Unnamed: 0,PassengerId,Survived,Pclass,Name,Sex,Age,SibSp,Parch,Ticket,Fare,Cabin,Embarked
0,1,0,3,"Braund, Mr. Owen Harris",male,22.0,1,0,A/5 21171,7.25,,S
1,2,1,1,"Cumings, Mrs. John Bradley (Florence Briggs Th...",female,38.0,1,0,PC 17599,71.2833,C85,C
2,3,1,3,"Heikkinen, Miss. Laina",female,26.0,0,0,STON/O2. 3101282,7.925,,S
3,4,1,1,"Futrelle, Mrs. Jacques Heath (Lily May Peel)",female,35.0,1,0,113803,53.1,C123,S
4,5,0,3,"Allen, Mr. William Henry",male,35.0,0,0,373450,8.05,,S


## **단일 인덱스, 단일 컬럼, 단일 값**

In [15]:
pd.pivot_table(df, index='Sex', columns='Pclass', 
               values='Survived', aggfunc='mean')

Pclass,1,2,3
Sex,Unnamed: 1_level_1,Unnamed: 2_level_1,Unnamed: 3_level_1
female,0.968085,0.921053,0.5
male,0.368852,0.157407,0.135447


In [16]:
pd.pivot_table(df, index='Pclass', columns='Sex', 
               values='Survived', aggfunc='mean')

Sex,female,male
Pclass,Unnamed: 1_level_1,Unnamed: 2_level_1
1,0.968085,0.368852
2,0.921053,0.157407
3,0.5,0.135447


In [14]:
pd.pivot_table(df, index='Sex', columns='SibSp', 
               values='Survived', aggfunc='mean')

# SibSp : 부양가족이 낮을수록 생존확율이 높음

SibSp,0,1,2,3,4,5,8
Sex,Unnamed: 1_level_1,Unnamed: 2_level_1,Unnamed: 3_level_1,Unnamed: 4_level_1,Unnamed: 5_level_1,Unnamed: 6_level_1,Unnamed: 7_level_1
female,0.787356,0.754717,0.769231,0.363636,0.333333,0.0,0.0
male,0.168203,0.31068,0.2,0.0,0.083333,0.0,0.0


In [17]:
pd.pivot_table(df, index='Sex', columns='Survived',
                values='Age', aggfunc='mean')

Survived,0,1
Sex,Unnamed: 1_level_1,Unnamed: 2_level_1
female,25.046875,28.847716
male,31.618056,27.276022


- `margins` 옵션을 통해 행과 열 전체의 값도 구할 수 있습니다.

In [8]:
pd.pivot_table(df, index='Sex', columns='Survived',
                values='Age', aggfunc='mean', margins=True)

Survived,0,1,All
Sex,Unnamed: 1_level_1,Unnamed: 2_level_1,Unnamed: 3_level_1
female,25.046875,28.847716,27.915709
male,31.618056,27.276022,30.726645
All,30.626179,28.34369,29.699118


In [18]:
pd.pivot_table(df, index='Sex', columns='Survived', 
               values='Age', aggfunc=['max','min','mean'])

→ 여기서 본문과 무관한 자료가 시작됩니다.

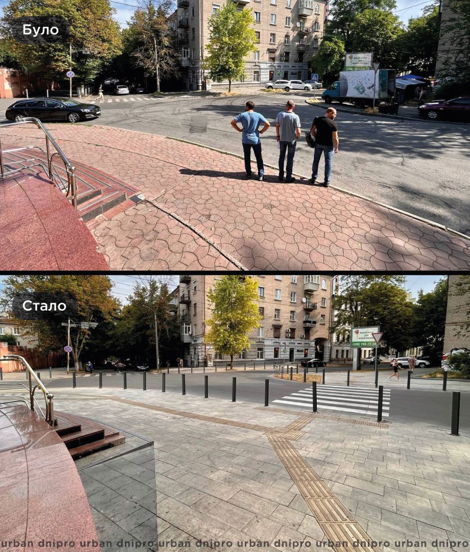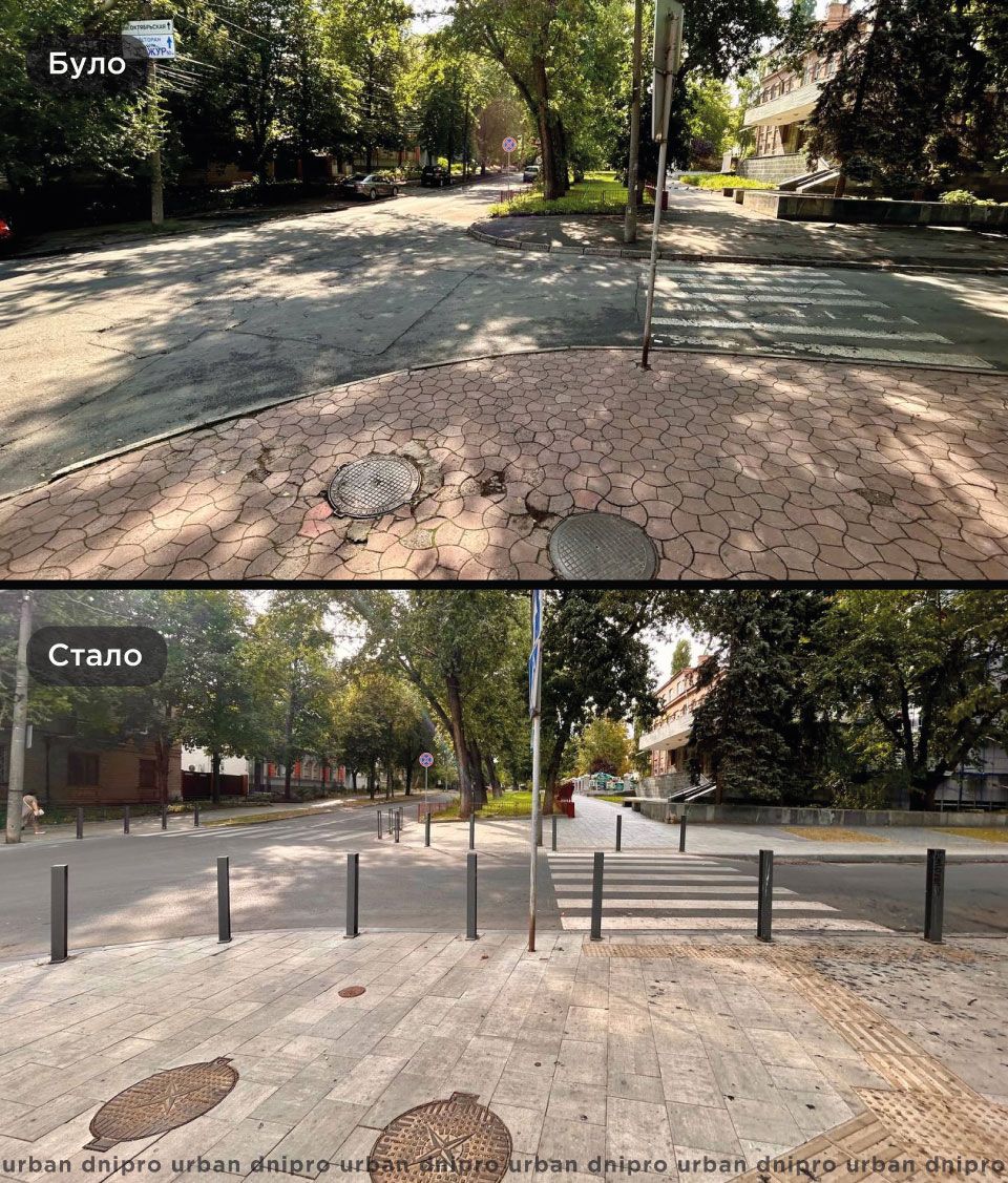 • Замість окремих лунок — суцільні смуги озеленення;• Влаштували підняте перехрестя;• Всі проїзди вимостили плиткою;• Замість сходів — погогі спуски;• Впорядкували паркування, - йдеться у дописі.
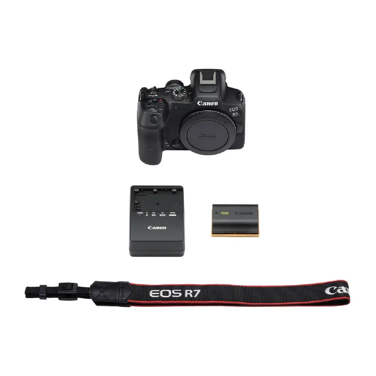 Cuerpo de la EOS R7<br>Correa ER-EOSR7<br>Cargador de batería LC-E6<br>Batería LP-E6NH<br>Cubierta de la zapata
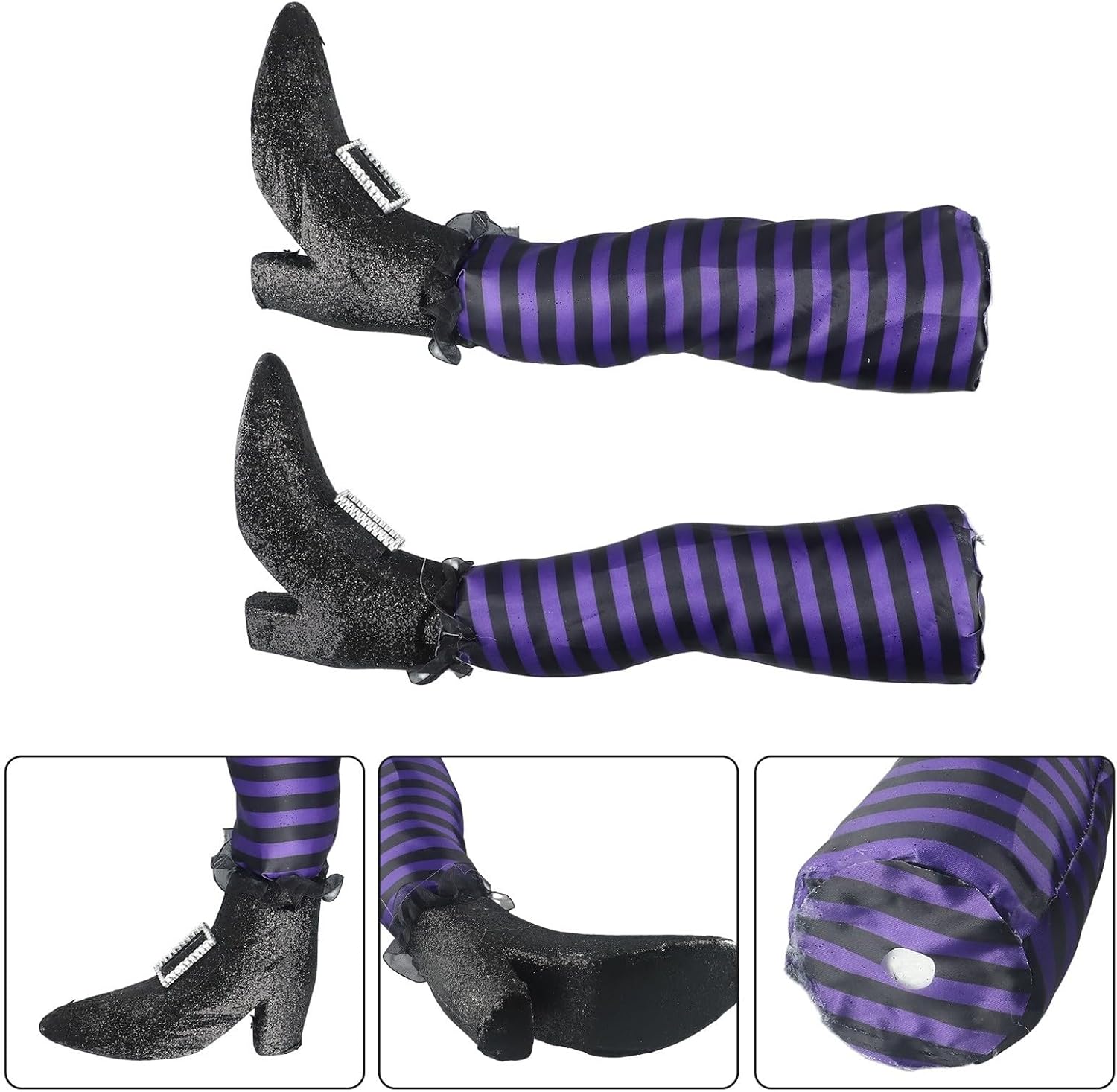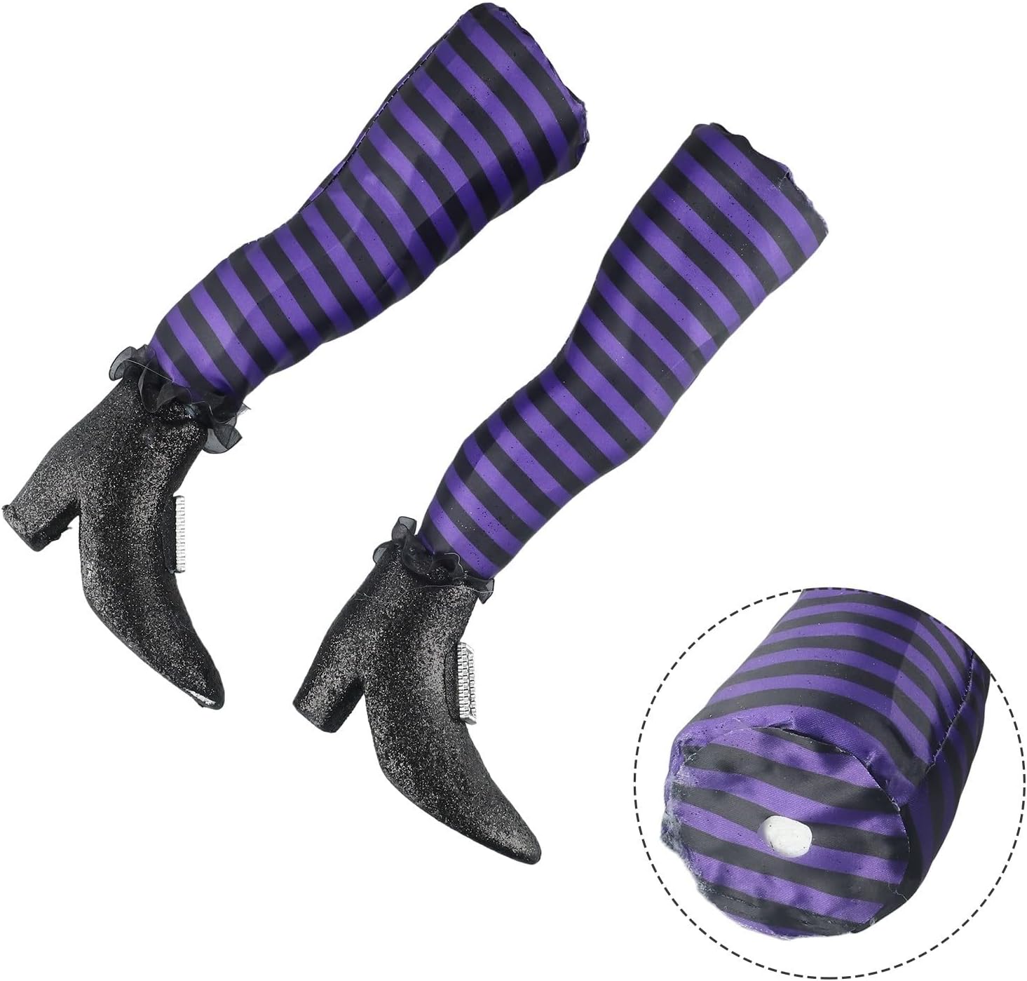 Realizzate in tessuto, queste gambe da strega di Halloween sono morbide al tatto e realizzate in materiale, facili da riporre e riutilizzare. Perfetto per coloro che apprezzano la praticità e la durata. Queste gambe da strega sono un'ottima aggiunta alle feste di Halloween, poiché fungono sia da divertenti decorazioni che da pratici fermaporta. Aggiungi un tocco di fantasia e unicità all'atmosfera della tua festa. Usi versatili: appendi queste gambe da strega su alberi, pareti o porte d'ingresso insieme ad altre decorazioni di Halloween per un'atmosfera spettrale e festosa. Facile da posizionare e creare una scena indimenticabile. Realizzate in billet di schiuma e asta di plastica, queste gambe da strega sono progettate per essere leggere ma robuste. La lunghezza totale è di 47 cm, ogni gamba misura 32 cm. Disponibile in una varietà di colori: viola, rosso, arancione, verde, nero e bianco. Ogni confezione contiene 2 gambe da strega, offrendoti molteplici opzioni di decorazione. Usali insieme o separatamente per creare un display di Halloween personalizzato che delizierà i tuoi ospiti.
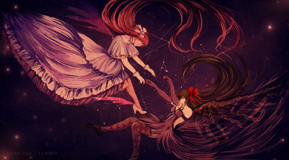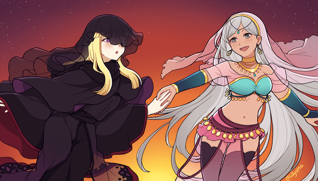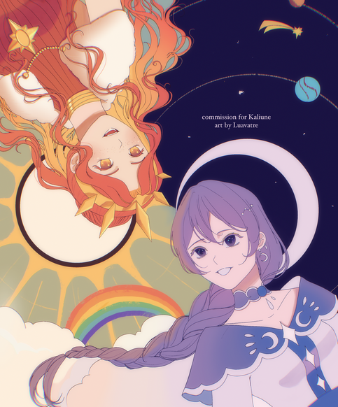 Two of my OCs, Alina and Vega .Fun fact, they actually don't know each other at all. I just realized they have interesting parallels not only in design :')
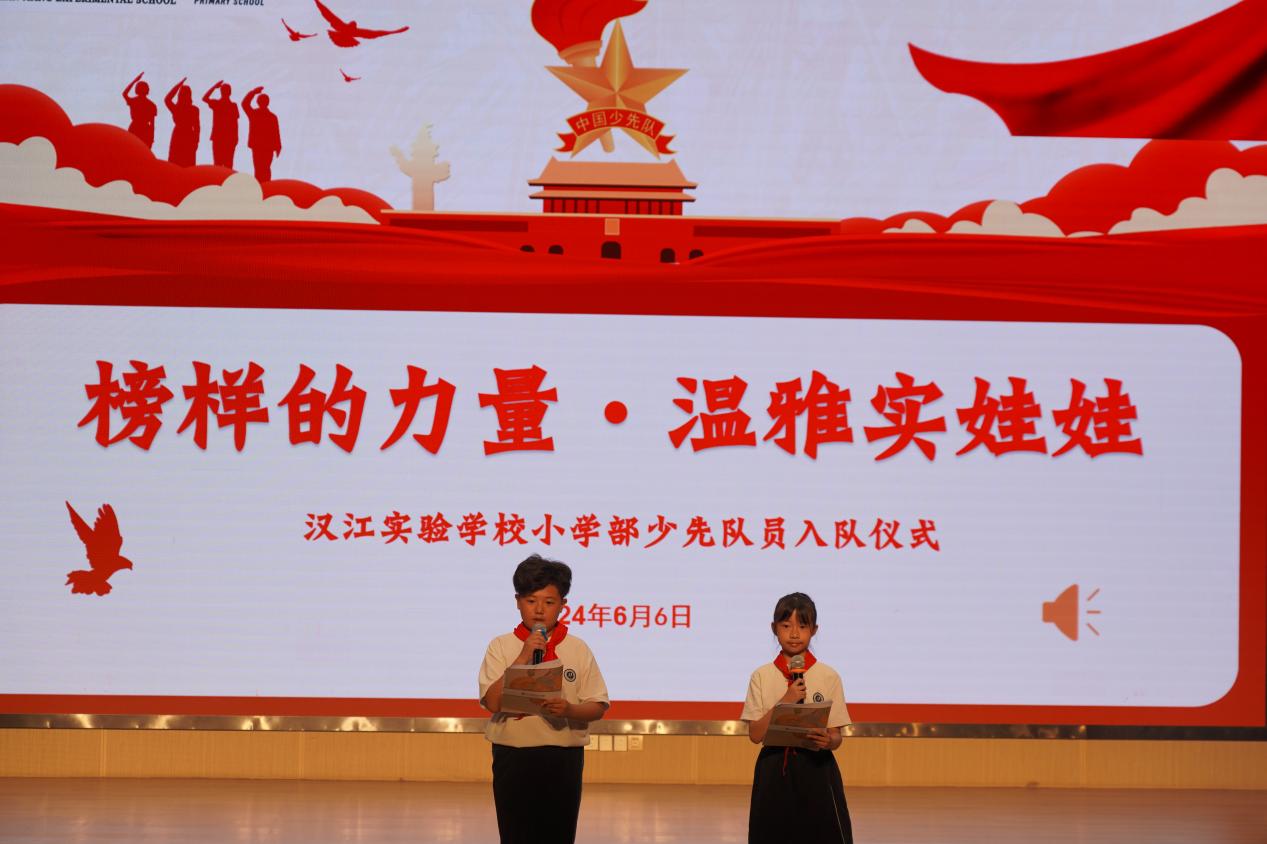 鲜艳的红领巾系满理想,火红的团旗正迎风飘扬。近期,汉江实验学校小学部和初中部分别开展了入队和入团仪式活动。

Unnamed: 0_level_0,max,max,min,min,mean,mean
Survived,0,1,0,1,0,1
Sex,Unnamed: 1_level_2,Unnamed: 2_level_2,Unnamed: 3_level_2,Unnamed: 4_level_2,Unnamed: 5_level_2,Unnamed: 6_level_2
female,57.0,63.0,2.0,0.75,25.046875,28.847716
male,74.0,80.0,1.0,0.42,31.618056,27.276022


## **다중 인덱스, 다중 컬럼, 다중 값**

In [19]:
pd.pivot_table(df, index=['Sex','Pclass'], 
               columns='Survived', values='Age', aggfunc='mean')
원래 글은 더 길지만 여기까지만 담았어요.